The SNS is one of those unique facility where, while the major area of study will be using the neutrons as a probe to study condensed matter/material science properties, the FNPB will study fundamental properties of the neutron itself.
"While other beam lines use neutrons as a probe to study materials, the object for much of the work proposed at the FNPB is the study of the neutron itself," said University of Tennessee Professor Geoffrey Greene, who holds a Joint Faculty Appointment with ORNL and who leads the FNPB project. "Among the questions that will be addressed at the FNPB are the details of the internal structure of the neutron as well as a careful study of the way in which the free neutron decays. Such experiments have important implication for fundamental questions in particle physics and cosmology."
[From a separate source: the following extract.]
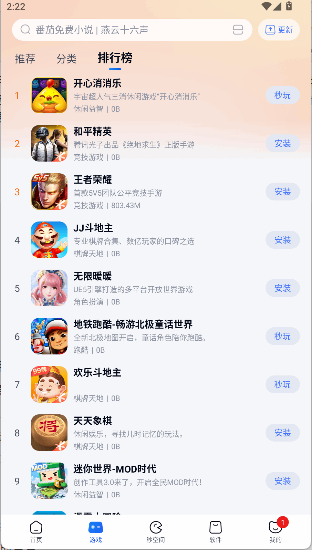 2.其中还有排行榜的功能(Function),优质的游戏都会出现在排行榜上。
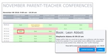 • You cannot book more than one appointment with the same teacher for the same conference event for the same student, regardless of how many classes your student has with that teacher.

Greene explained that neutrons, which have no electric charge, may nevertheless have a slight displacement between internal positive and negative charges. The existence of such a "neutron electric dipole moment" could shed light on what happened in the early phases of the Big Bang. In particular it could help to explain why the universe appears to be made entirely of matter without any antimatter, he said.
Luckily, the catastrophic-scenario wackos haven't heard of it and can't understand it enough to create any noise.
Zz.
3 comments:
Some self-plugging if you don't mind...
If people are interested in this type of physics, we have a lot going on at the ILL which has had the most intense Ultra-Cold Neutron source in the world. :)
http://www.ill.eu/npp/home/
Kent, maybe you could tell me whats your impression about Ess-Bilbao. I'm also involved in Neutron Sciences.
http://www.essbilbao.com
I guess the Ess-Bilbao (the future spallation neutron source for Europe) will have a beam profile of about 1,3 GeV protons, used to pull off the neutrons from the target. I think this is interesting and powerful for matter studies.